COMMONWEALTH OF MASSACHUSETTS APPEALS COURT
14-P-466
03-09-2015
LAWRENCE S. COLE V. CAROLYN A. COLE.
By the Court (Vuono, Milkey & Blake, JJ.), Clerk
NOTICE: Summary decisions issued by the Appeals Court pursuant to its rule 1:28, as amended by 73 Mass. App. Ct. 1001 (2009), are primarily directed to the parties and, therefore, may not fully address the facts of the case or the panel’s decisional rationale. Moreover, such decisions are not circulated to the entire court and, therefore, represent only the views of the panel that decided the case. A summary decision pursuant to rule 1:28 issued after February 25, 2008, may be cited for its persuasive value but, because of the limitations noted above, not as binding precedent.
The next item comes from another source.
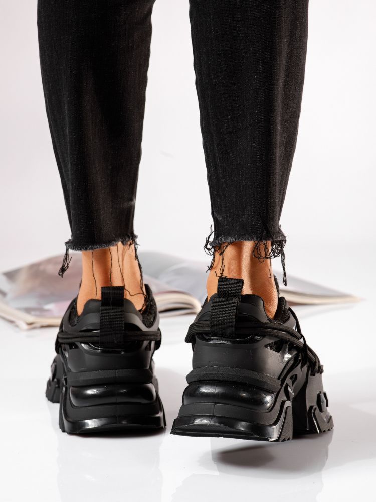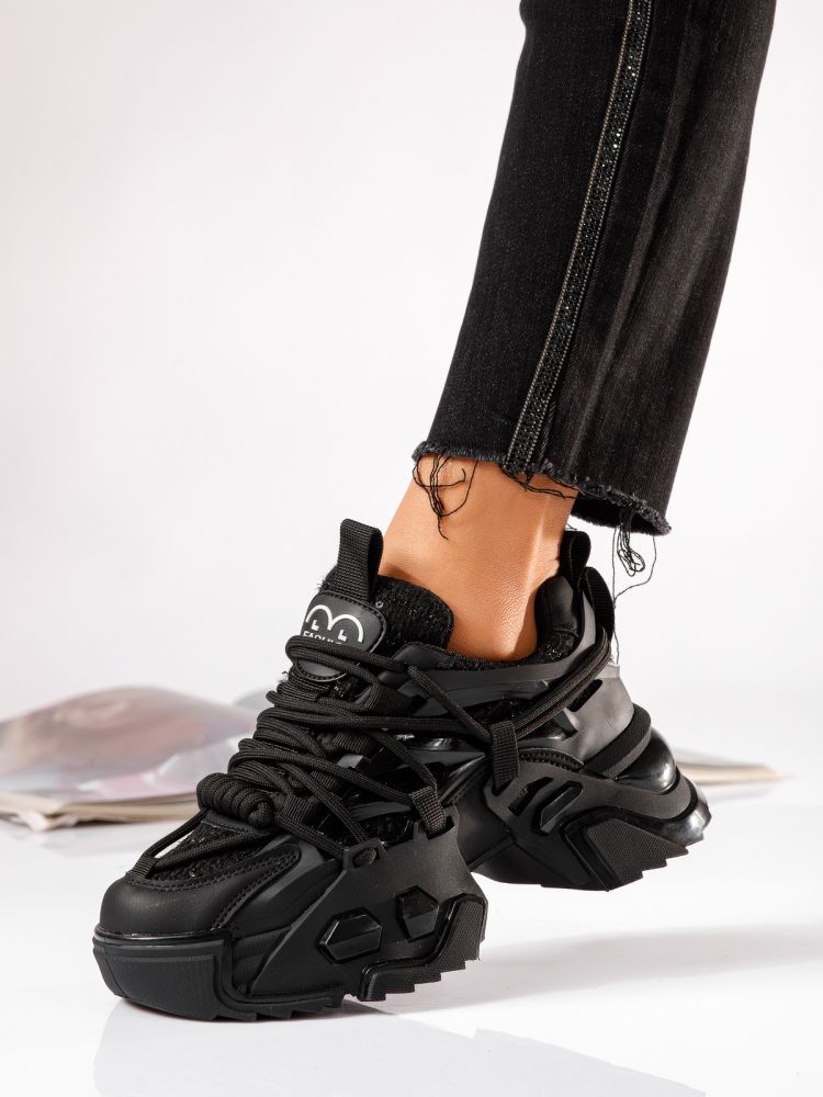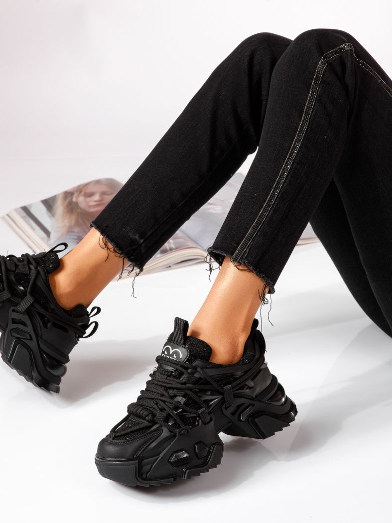 Дамски черни текстилни маратонки Eva #24082
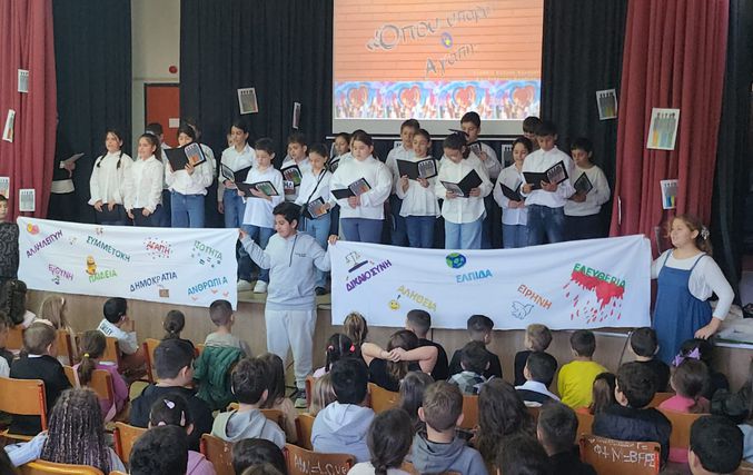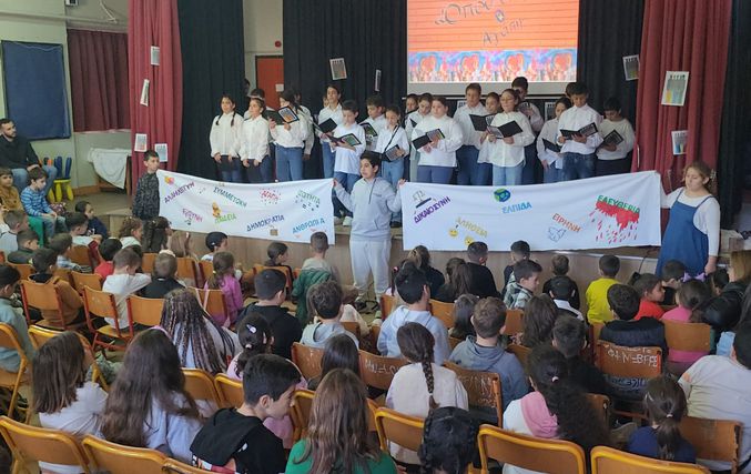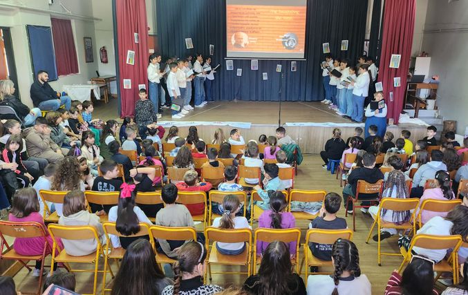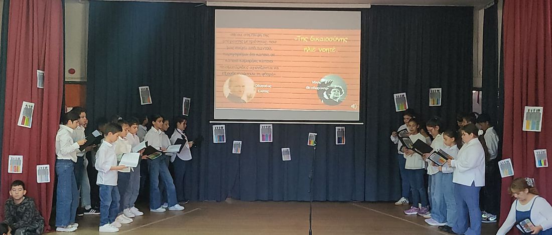 Ξεχωριστή ήταν και η χορωδία του σχολείου, η οποία απέδωσε τραγούδια-σύμβολα της αντίστασης, δημιουργώντας μια ατμόσφαιρα γεμάτη συναίσθημα.

See Chace v. Curran, 71 Mass. App. Ct. 258, 260 n.4 (2008).MEMORANDUM AND ORDER PURSUANT TO RULE 1:28
The defendant, Carolyn A. Cole, appeals from a modification judgment entered by a judge of the Probate and Family Court both reducing the amount of alimony she currently receives, and terminating alimony upon the plaintiff, Lawrence S. Cole’s, sixty-fifth birthday.1 We vacate the judgment and remand to the Probate and Family Court.
1.
Because they share a last name, we refer to the parties by their first names.
- Background. The parties were married in 1969 and divorced in 2003. The judgment of divorce incorporates a separation agreement, which, among other things, obligates Lawrence to pay alimony to Carolyn in the weekly amount of $450, reviewable upon certain triggering events. Specifically, alimony was to be reviewed upon Carolyn’s receipt of Social Security Disability Income (SSDI); the remarriage of either*22party; or payoff of the first mortgage by means other than refinance, but no later than August 31, 2008.2 The agreement does not include an automatic alimony termination date or an event that would trigger alimony termination. The alimony provisions merged with the judgment.
2.
The separation agreement further provides that the parties are to take “affirmative steps” with respect to the triggering events set forth, supra. The agreement defines “affirmative steps” as “notice to the other party within thirty (30) days of any of the above events.”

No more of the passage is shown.